Hoofdstuk 32

Zavala beëindigde zijn uitvoerige inspectie van de Subvette en stapte met een brede glimlach op zijn gezicht terug op de aanhanger. Austin interpreteerde die montere gelaatsuitdrukking als een goed teken. Tijdens de terugreis naar de verlaten werf had Zavala zijn best gedaan niets te laten merken, maar de bedroefde blik in zijn ogen over de schade aan zijn creatie had hij niet kunnen verbergen.
'Ze is zo sterk als een tank,' zei hij, 'dus het chassis is nog volledig intact en het voortstuwingsmechanisme is ook prima in orde, maar de lampen zijn stuk en er zijn een paar sensoren beschadigd. Ze is voorlopig uit de running en ik neem haar mee terug naar de States.'
Austin legde zijn hand op Zavala's schouder. 'Het was voor een goed doel. Anders waren we nu hartstikke dood geweest. Je kunt te allen tijde een nieuwe maken en deze aan het Cussler Automobielmuseum schenken. Kijk eens aan, daar is je lift.'
Er draaide een trekker het terrein van de werf op. Austin had Mustafa gevraagd een robuuster exemplaar dan die kippenwagen van Achmed op te trommelen voor het transport van de aanhanger met de duikboot naar het vliegveld. Na een paar telefoontjes had de kapitein iemand gevonden die het op zich wilde nemen. Terwijl de aanhanger aan de trekker werd gekoppeld, bedankte Austin Mustafa nogmaals voor al zijn hulp. Zavala reed met de trekker mee, waarna Austin en Carina in de huurauto stapten en de aanhanger over de kustweg naar het vliegveld van Dalyan volgden.

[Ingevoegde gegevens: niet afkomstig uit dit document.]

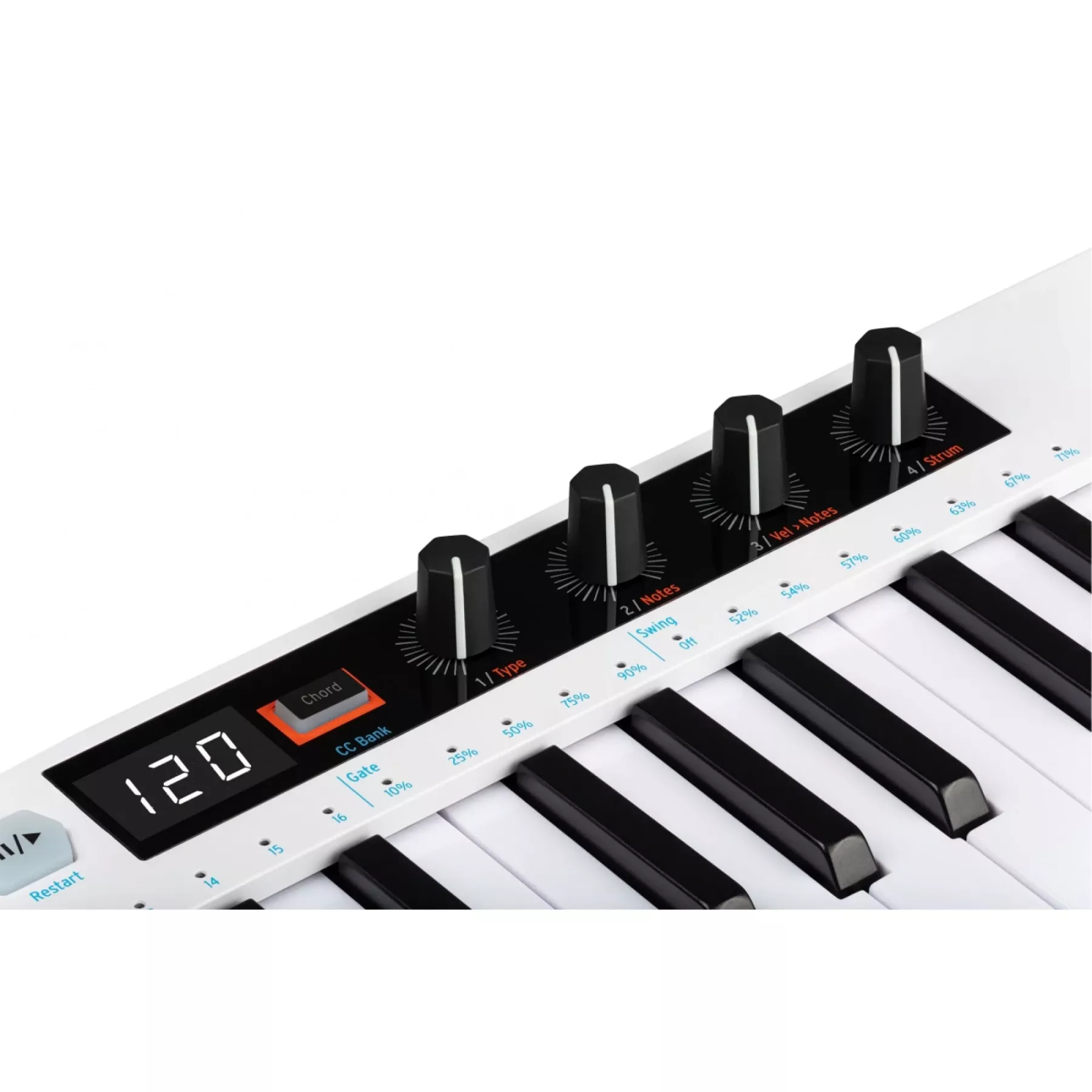 Завдяки унікальному і вдосконаленому режиму Chord, KeyStep 37 бере кожну ноту Вашої мелодії змішуючи з нереалізованими ідеями і перетворює їх в музичні сходинки. Вибирайте з декількох озвучок, інструментальних ефектів удару по струнах і налаштувань рівня velosity - все для того щоб Ваша музика співала по-справжньому.
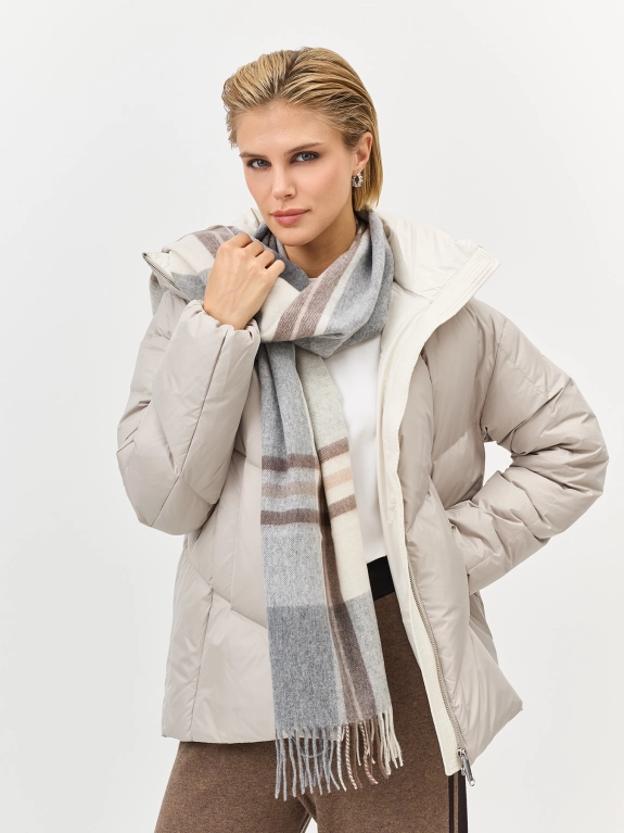 Шерстяной шарф в клетку с деликатной бахромой по краю. Прямоугольная форма, one size
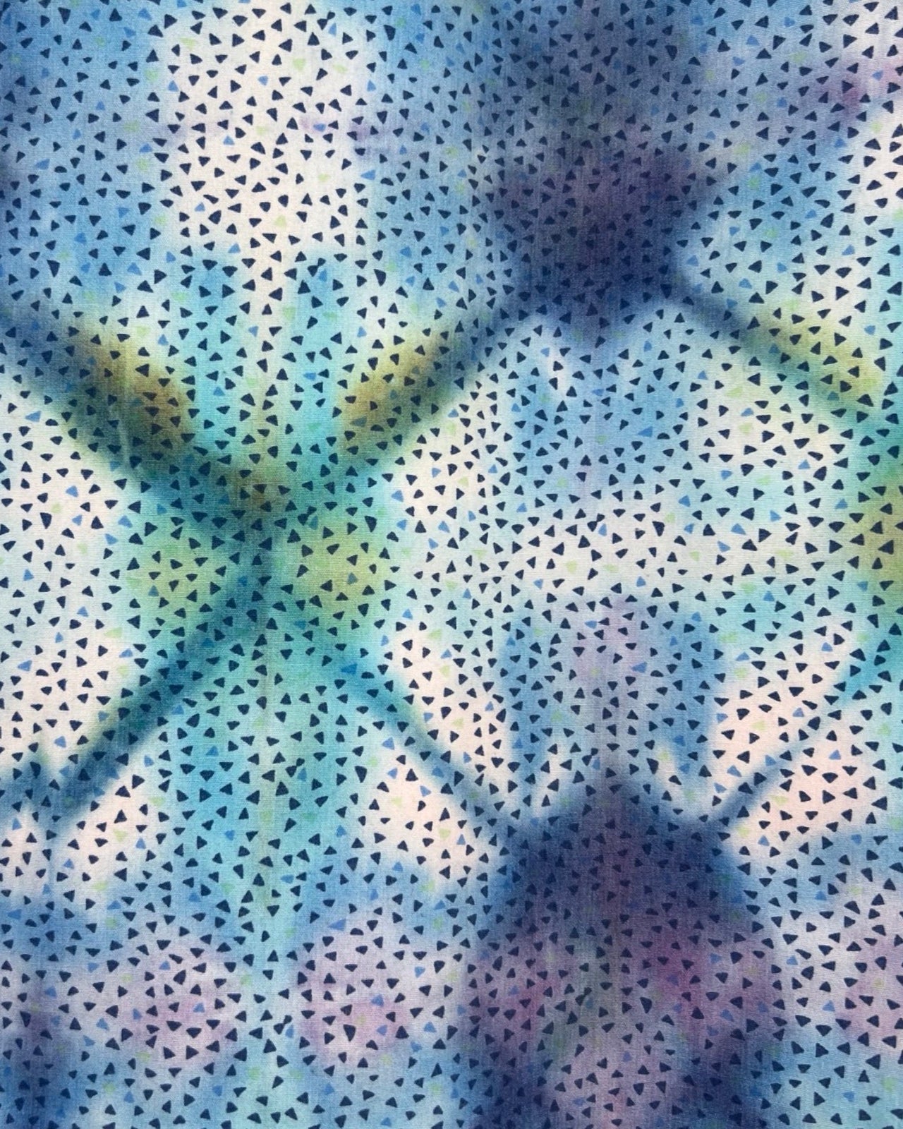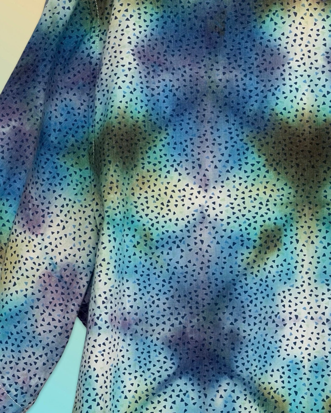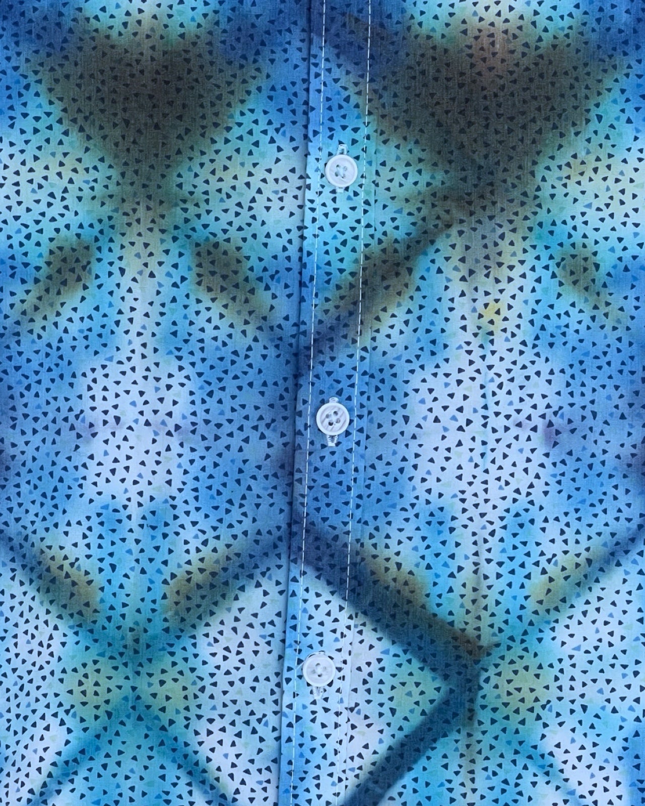 This unique up-cycled 100% cotton button down shirt is ice dyed in bold blues and green over a tiny triangle pattern. Hand tied and dye in a Shibori style flag fold. Featuring a single left side pocket and camp collar. Size XL

Austin en Carina liftten mee met Zavala in het vrachtvliegtuig naar Istanbul. Op het vliegveld scheidden hun wegen. Zavala wilde doorwerken aan de voorbereidingen voor het transport van de duikboot terug naar huis en zou in de buurt van het vliegveld overnachten. Austin en Carina gingen terug naar het hotel waar ze hun eerste nacht in Istanbul hadden doorgebracht. Ditmaal deelden ze een kamer.
De volgende morgen nam Austin een taxi naar de opgraving aan de Bosporus en liep naar een houten loopbrug die speciaal voor de kruiwagens was aangelegd. Hij werkte zich langs de honderden arbeiders die met spades en houwelen op de drooggelegde zeebodem inhakten.

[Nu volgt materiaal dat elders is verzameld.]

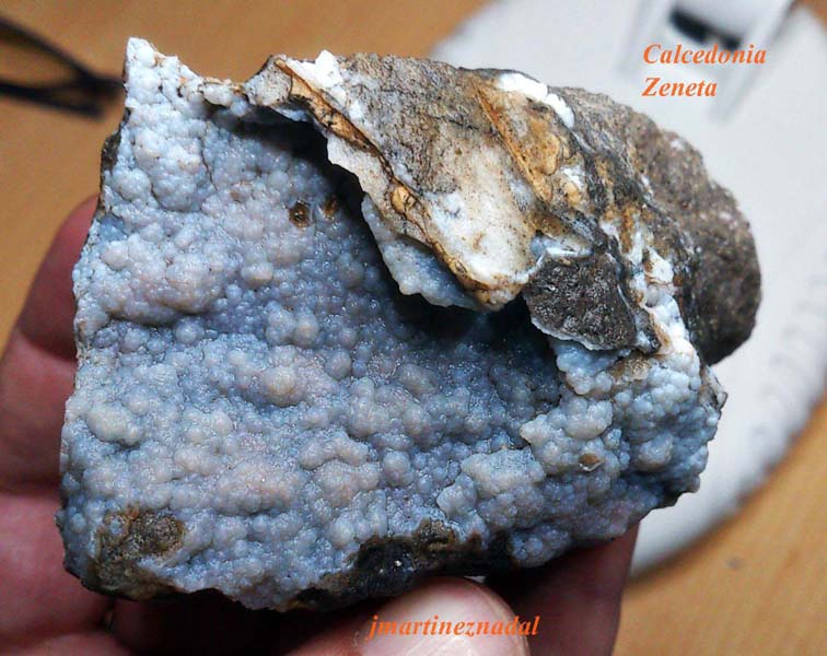 Este Sábado día 27 de abril, pese a las lluvias caidas a la primera hora de la mañana, he decidido hacer una salida de media jornada al Cabezo Negro. Cuando llueve, es mas facil encontrar piezas de interés entre las montañas de escombro que aun se pueden ver en el lugar. En esta ocasión, he decidido subir hacia mitad de la montaña, donde incrustadas en la roca se encuentran geodas de una calcedonia azul muy interesante. En las multiples escombreras se pueden coger muestras. En ocasiones la calcedonia viene recubierta de una fina capa de ópalo que le da un brillo y una calidad muy especial. tras el descenso me quedo un rato por la zona de trabajo a pie de montaña donde consigo tambien dos ópalos de un tamaño respetable. Como el cielo vuelve a amenazar lluvia, y es muy posible que me quede atrapado con el coche, a eso de la una de la tarde regreso para casa.
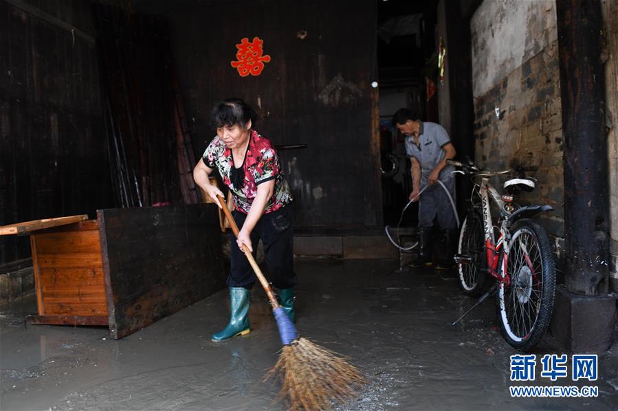 7月9日,安徽省歙县渔梁街的居民在进行灾后清理。 近日,受强降雨影响,安徽省歙县城区遭遇内涝灾害,部分地区受灾严重。目前,城区积水退去,当地政府部门组织消防人员、社区志愿者、环卫工人等清淤排险,积极开展生产自救和灾后恢复工作。 新华社记者 张端 摄

Hanley zat op de hard geworden modder gehurkt een paar scherven aardewerk te bestuderen. De archeoloog kwam overeind en stak een be- modderde hand uit.
'Goed dat ik je zie, Kurt. Heb je zin om weer wat in deze heerlijke oude Marmara-drek te graaien?'
'Dat hou ik nog even van je tegoed,' antwoordde Austin. Hij bekeek de bedrijvigheid om hen heen. 'Zo te zien zit er aardig vaart in.'
Hanleys gezicht liep rood aan van enthousiasme. 'Dit is de meest fantastische opgraving waar ik ooit aan heb meegewerkt.'
'Dan hoop ik dat je toch nog de tijd hebt om iets voor me te doen,' zei Kurt.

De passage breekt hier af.